Material provided:
------------------------------------------------

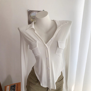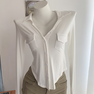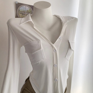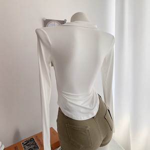 韩女气质修身显身材女人味翻领修身薄款上衣女
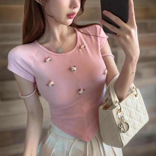 |CCT9400|여성 슬림핏 언발랄 입체 꽃무늬 크롭 반팔 티셔츠
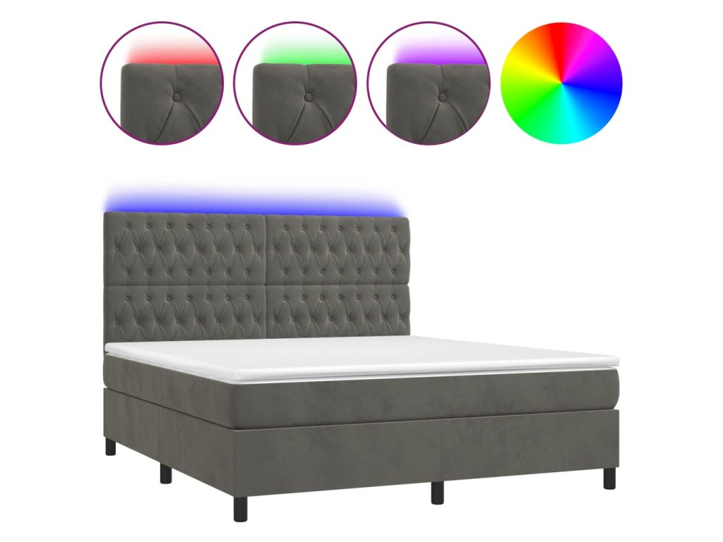 vidaXL Posteľ boxsping s matracom a LED tmavosivá 180x200 cm zamat
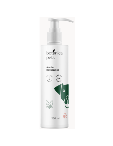 DELISARDINA 250 ML BOTANICAPETS es un complemento alimenticio premium diseñado para la salud y el bienestar de tus mascotas. Formulado a base de aceite de sardina 100%, este producto está especialmente indicado para animales con poco apetito y/o pelaje en mal estado (sin brillo, frágil).

------------------------------------------------

Directions for this task: Only the pictures stay out; everything else in the listing above must be repeated exactly.

Reply:
 韩女气质修身显身材女人味翻领修身薄款上衣女
 |CCT9400|여성 슬림핏 언발랄 입체 꽃무늬 크롭 반팔 티셔츠
 vidaXL Posteľ boxsping s matracom a LED tmavosivá 180x200 cm zamat
 DELISARDINA 250 ML BOTANICAPETS es un complemento alimenticio premium diseñado para la salud y el bienestar de tus mascotas. Formulado a base de aceite de sardina 100%, este producto está especialmente indicado para animales con poco apetito y/o pelaje en mal estado (sin brillo, frágil).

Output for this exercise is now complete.